Des dossiers politiquement sensibles. Sur le fond, la FDA devra répondre aux récentes recommandations
de l’Institute of medicine (IOM) sur
l’amélioration de la gestion de la sécurité des médicaments. Le vaste
rapport de l’IOM couvre de nombreux sujets tels que la réforme de
l’organisation historique de la FDA,
les modifications de ses processus
d’évaluation, le renforcement de son
autorité réglementaire ainsi que les
modalités de son financement. Sur la
forme, cette réponse devra s’intégrer
dans un environnement particulièrement complexe. Les élus démocrates, aujourd’hui majoritaires, souhaitent un contrôle plus strict des
activités de l’agence par le biais de la
représentation nationale. Nul doute
qu’une attention particulière sera
portée sur les dossiers politiquement
sensibles : mise sur le marché des
biosimilaires, réimportation de médicaments, liens entre l’agence et
l’industrie… le tout dans un
contexte économique et fiscal tendu.
Le Dr von Eschenbach semble en
mesure de relever ces défis. Sa nomination a d’ailleurs été saluée avec
enthousiasme par les principales associations du secteur pharmaceutique et, cela est plus remarquable, par
les analystes financiers. Lorsque la
conviction alimente le talent, rien ne
semble impossible… ■
4PDUFA IV : VERS UN RENFORCEMENT DE LA SÉCURITÉ SANITAIRE
Le Prescription drug user fee act (PDUFA) a été créé en 1992.
Ce programme quinquennal, qui instaure le principe de
redevances payées par les laboratoires pour leurs demandes
d’AMM, a été mis en place pour réduire, entre autres, le temps
d’examen des autorisations de mise sur le marché des
médicaments. Le PDFUA III arrive à échéance le 30 septembre
2007 et il appartient au Congrès de voter le PDUFA IV avant
cette date. A noter que ce texte engagera l’agence sur la
période 2007-2012.
La FDA a présenté, ce 11 janvier, ses premières propositions
pour les années fiscales 2007 à 2012. Trois éléments illustrent
les orientations de l’agence :
• une forte augmentation des redevances (392,8 millions de
dollars par an pour les années fiscales 2008-2012 contre
305,5 millions pour l’année fiscale 2007, soit une
augmentation de 22%). Dans ce but, la FDA recalculera le
niveau de référence en juin 2007, ce qui devrait entraîner une
augmentation d’environ 45 millions de dollars.
• la mise en place de redevances supplémentaires spécifiques
pour la soumission de dossiers de publicité DTC.
• Une réallocation des redevances.

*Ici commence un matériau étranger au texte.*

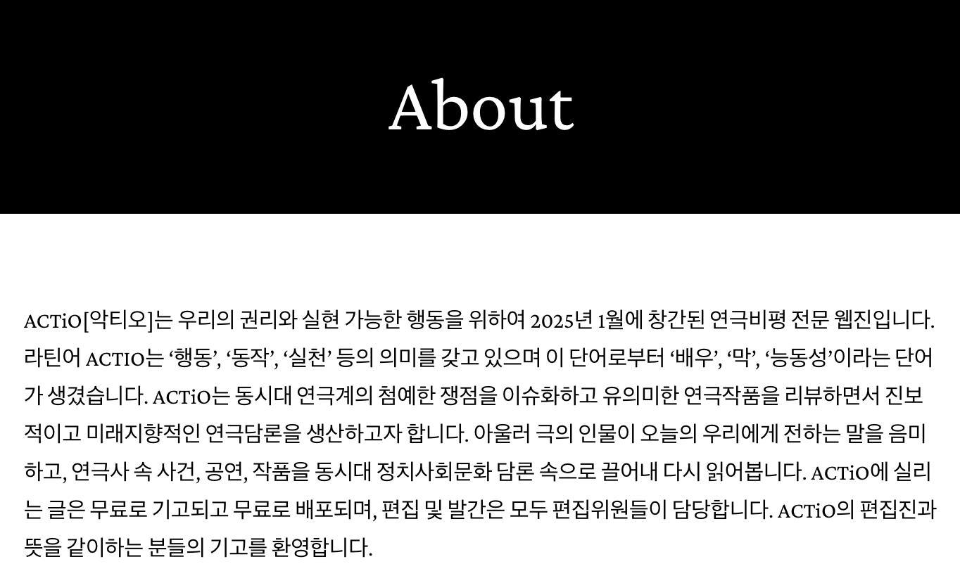 《악티오》 홈페이지에서, 《악티오》에 대한 소개 문구[이미지=홈페이지 캡처]. 출처=https://actiowebzine.com/about/ 다른 한편으로, 이 《연극in》의 부재 너머에서 빠르게 시급한 현장의 목소리를 반영하는 플랫폼이 민간에서 만들어졌는데, 이는 《연극in》의 부재를 대체(할 수 있음을 증명)한다기보다는 결국 공론장이 일정한 ‘관리’의 영역으로 소급될 수 없다는 지점, 그리고 그 관리로 인해 비로소 존재할 수 있었다는 지점을 동시에 이야기하는 데 가깝다―《연극in》의 사태는 결국 그것이 행정적인 차원에 한정된다고 해도 공공영역의 일정한 관리 아래에서만 그 플랫폼이 작동되고 있었음을 드러낸다.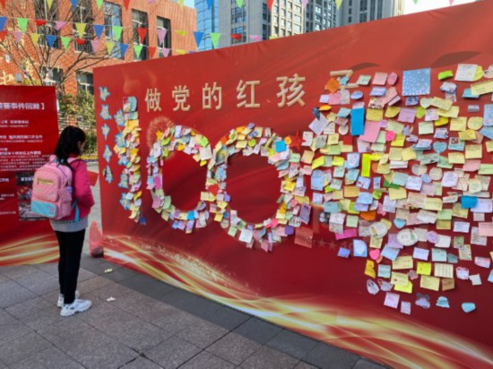 常州市新北区三井实验小学用红色的建党100周年主题墙迎接学生报到,学校开学第一课的内容是“讲一讲党的诞生历程,说一说党的发展故事”,立下新年的学习志向。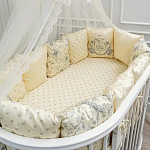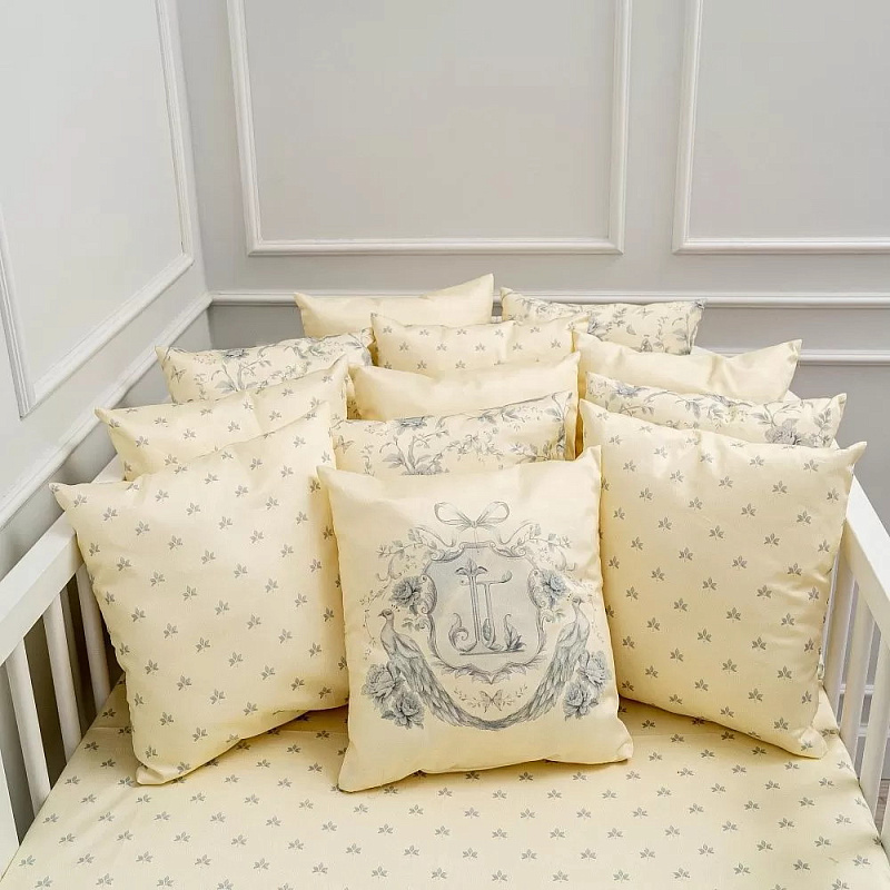 Наполнитель из холлкона делает кровать мягкой и удобной, обеспечивая долгий и спокойный сон. Бортик состоит из 12 подушек размером 30*30 см и оснащен съемными чехлами, что облегчает их уход и чистку.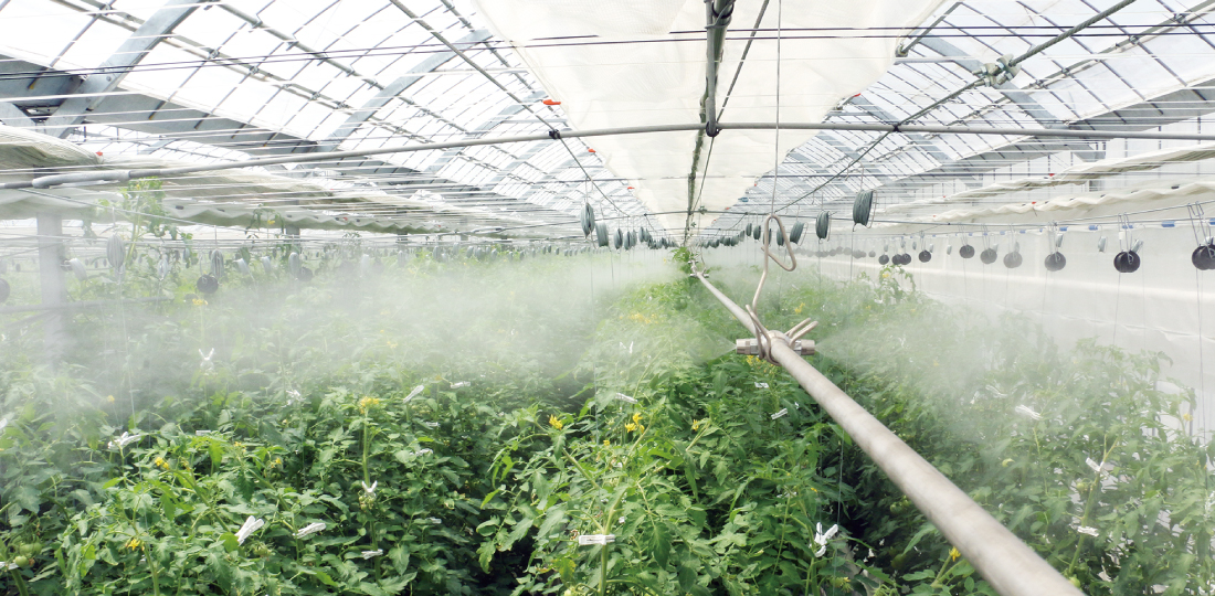 高温と乾燥は作物の収量と品質の低下を招き、病害虫発生リスクを高める。そのため、現在様々な資材や設備による温湿度制御が実施されている。そのなかでも多機能細霧システムは昼間の温湿度を経済的かつ大幅に調節できるという特長を持つ。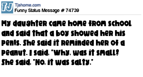 - # 81395 My daughter told her mother that a kid in class showed her his peck*r. My wife flipped. My daughter said it reminded her of a peanut, so my wife asked her if it was small. My daughter said, "No, salty."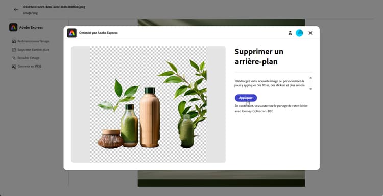 L’intégration d’Adobe Express à Adobe Journey Optimizer vous permet d’accéder facilement aux puissants outils d’édition d’Adobe Express lors de la création de contenu. Cette intégration vous permet de redimensionner des images, de supprimer des arrière-plans, de recadrer des visuels et de convertir des ressources en JPEG ou en PNG sans avoir à basculer entre les solutions.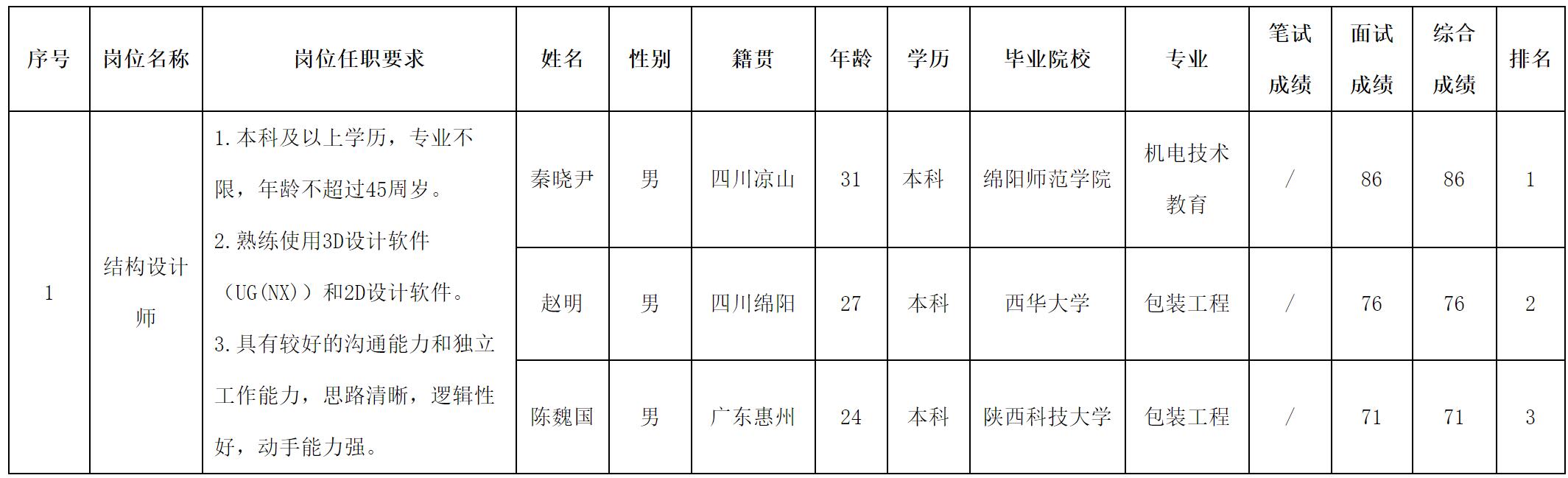 根據(jù)四川長虹新網(wǎng)科技公司發(fā)布的招聘公告及招聘相關(guān)規(guī)定,現(xiàn)將測試成績予以公示。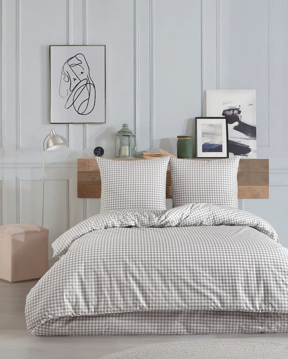 Sensei Maison Parure de lit 2 taies rectangles coton tencel Gris Perle 260x240 cm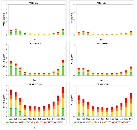 At the TRAFFIC receptor, monthly EC levels are 4 to 10 times higher than at the PARK receptor and 2.4 to 4.6 times higher at DUOMO (Figure 3f), thus pointing out spatial gradients even larger than for PM2.5, as a consequence of the greater exposure to primary emissions from traffic. Estimated EC values are in the 1.2–3 µg/m3 range, averaging about 2.3 µg/m3 and 1.3 µg/m3 in wintertime and summertime, respectively, and leading to an annual average of 1.8 µg/m3. Road traffic is by far the main contributor to EC levels (cold season: 83.8%; warm season: 98.7%; annual basis 91.2%) with single SNAP 07 sub-categories contributions prevailing on biomass burning (02-BIO) even in the cold season (Table 2).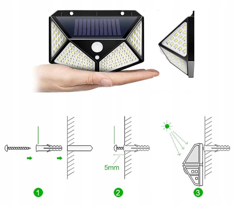 Nasza lampa solarna to doskonały sposób na oświetlenie. Montaż Panelu prosty i szybki. Produkt jest zasilany energią słoneczną. Zaletą urządzenia jest wbudowany czujnik ruchu i zmierzchu. Czujnik ruchu zapala lampę gdy wykryję ruch w pobliżu. Czujnik zmierzchu umożliwia włączenie lampy gdy znajduje się w miejscu słabo oświetlonym.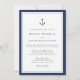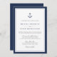 Nossos elegantes convites de casamento apresentam estilo náutico clássico com um olhar limpo e minimalista. Design apresenta uma borda dupla de azul rico marinho com a ilustração de âncora de uma nave no topo. Bloqueio elegante e anotações de script em cinzas suaves e marinho azul correspondente completam a aparência. Perfeito para iate clube, barco, praia ou casamentos de verão. Precisa de ajuda com o convite de casamento ou a personalização? Entre em contato comigo através do link "Perguntar a este Designer" nesta página.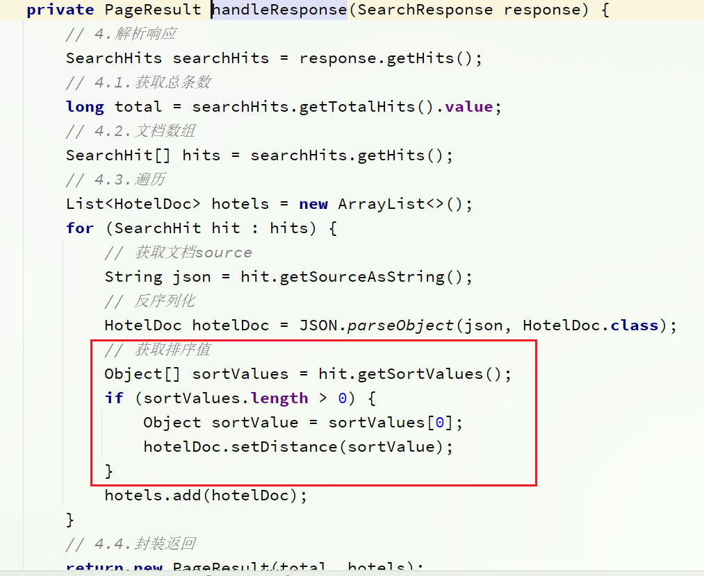 - 修改HotelService类中的handleResponse方法,添加对sort值的获取
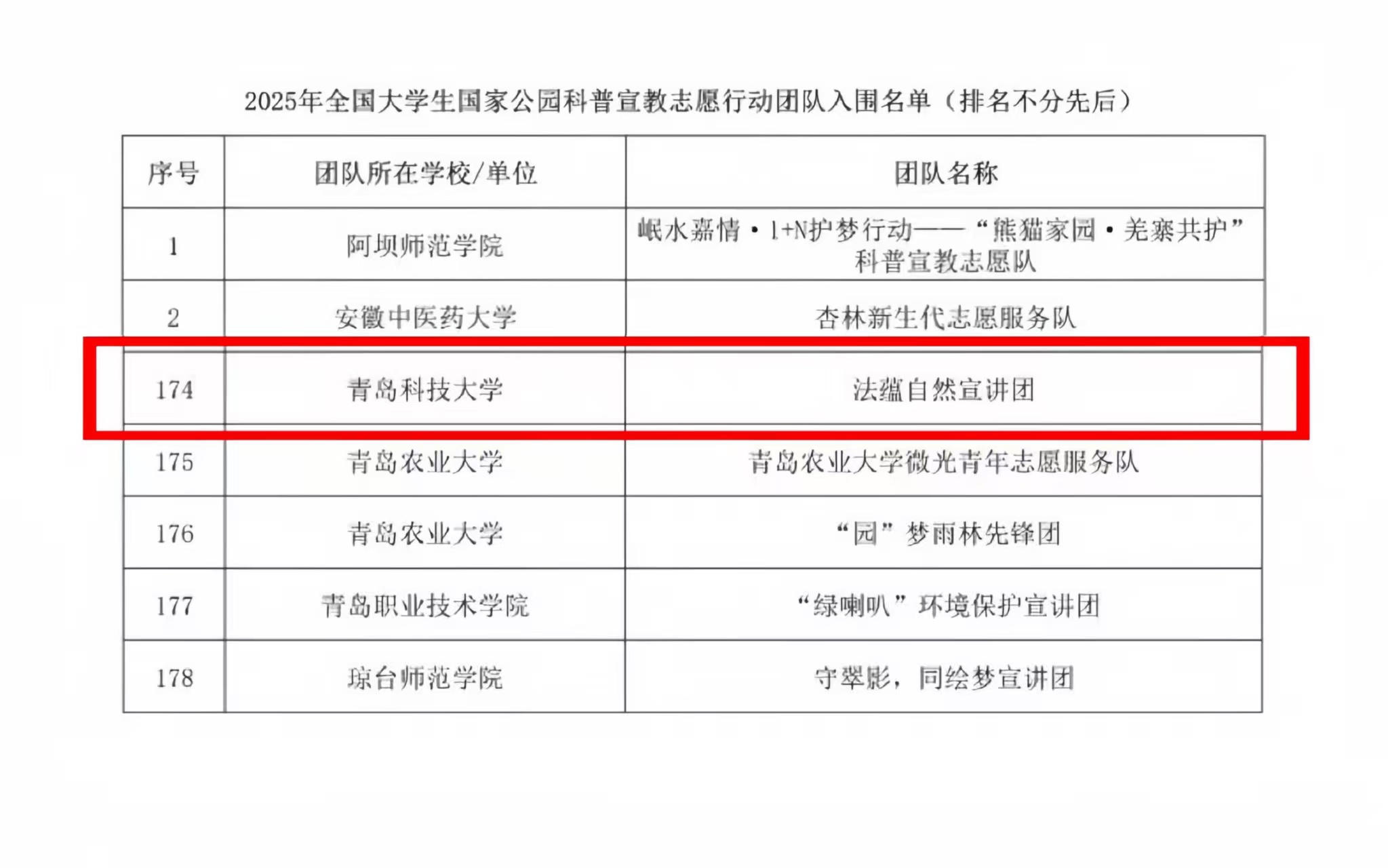 近日,由海南绿岛热带雨林公益基金会、海南省青少年活动中心承办的“走进热带雨林·守护国家公园”2025年全国大学生国家公园科普宣教志愿行动结果公布,青岛科技大学“法蕴自然”宣讲团成功入选。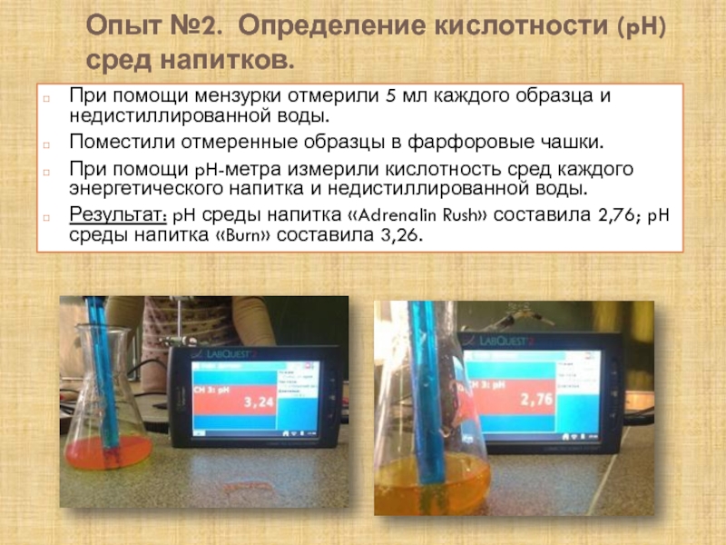 Исследовать pH (кислотность) сред напитков, наличие консервантов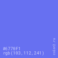 Цвет #6770F1 в цветовой модели RGB обозначается тремя октетами (103, 112, 241) в десятичном формате и #6770F1 в шестнадцатиричном (hex) формате, которые являются интенсивностью красного 103 (hex 67), интенсивность зелёного 112 (hex 70) и интенсивность синего 241 (hex F1).
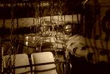 An old amusement ride in an abandoned amusement park. Abandoned carousel and cars. Sunny day. Old abandoned amusement park.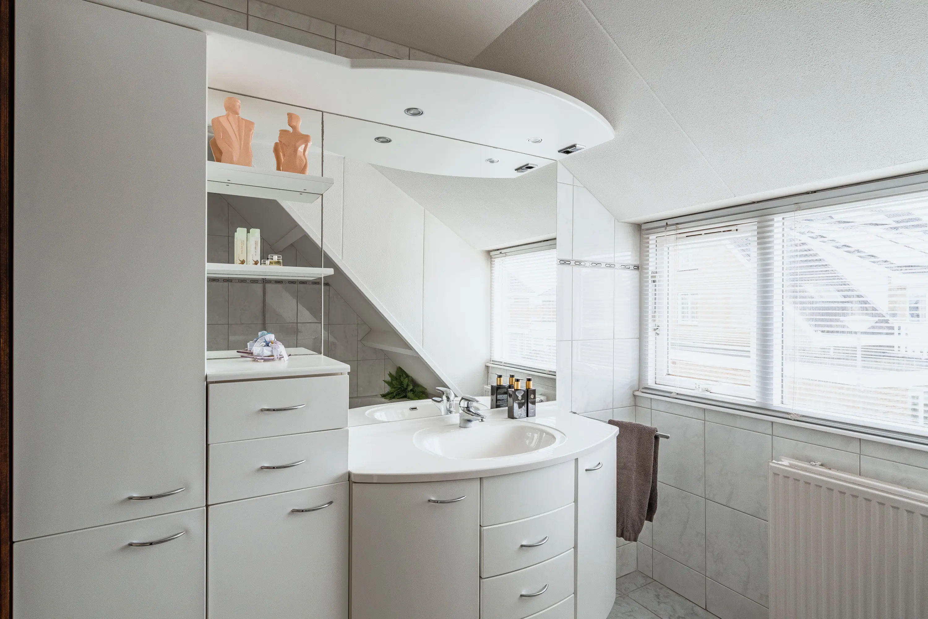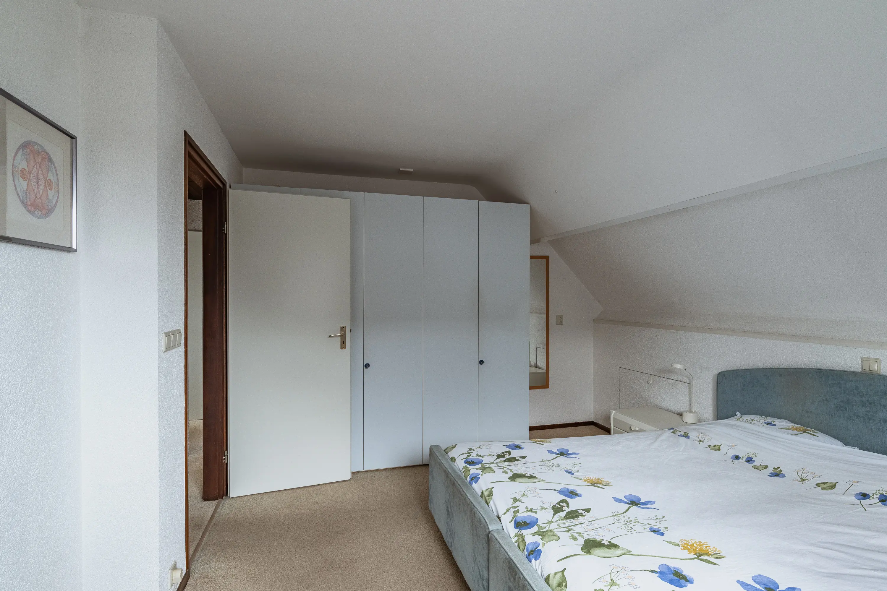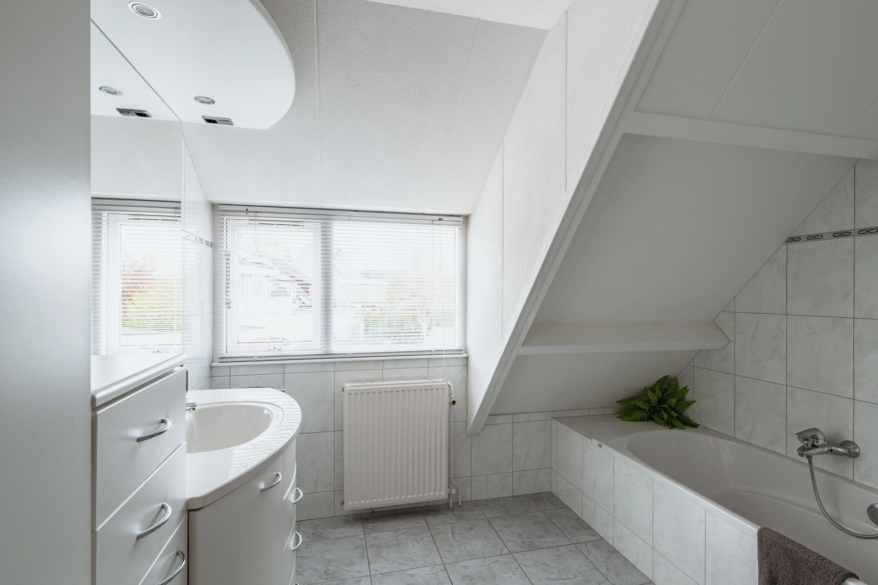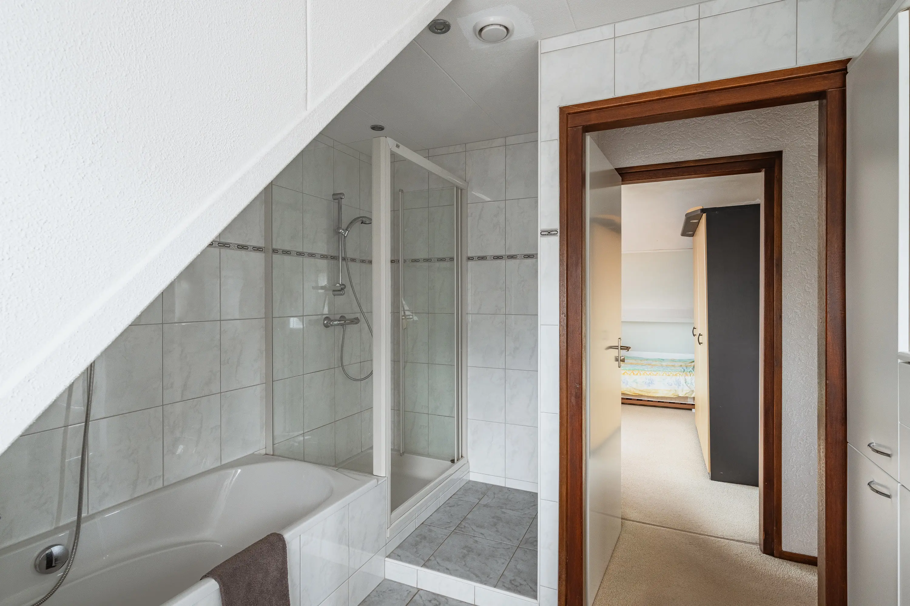 De badkamer is volledig betegeld en uitgerust met een ligbad, douchecabine, wastafelmeubel en mechanische ventilatie. Daarnaast is er op de verdieping een separate toiletruimte. Dankzij de vide en de ruime overloop is er bovendien de mogelijkheid om een derde slaapkamer te creëren. Via de overloop is de vliering te bereiken.

Alors que les fonds
récoltés, via le PDUFA, servaient traditionnellement à des
programmes d'amélioration de l'efficacité de la FDA (ce qui est
encore le cas avec un accent sur les dossiers électroniques).
Une partie des ressources supplémentaires devraient
notamment servir à développer ses activités de
pharmacovigilance, avec en particulier le recrutement de 82
agents supplémentaires.
Sans surprise, ces propositions, qui renforcent les liens
économiques entre le régulateur et les industries régulées, ont
reçu le soutien des milieux d’affaires.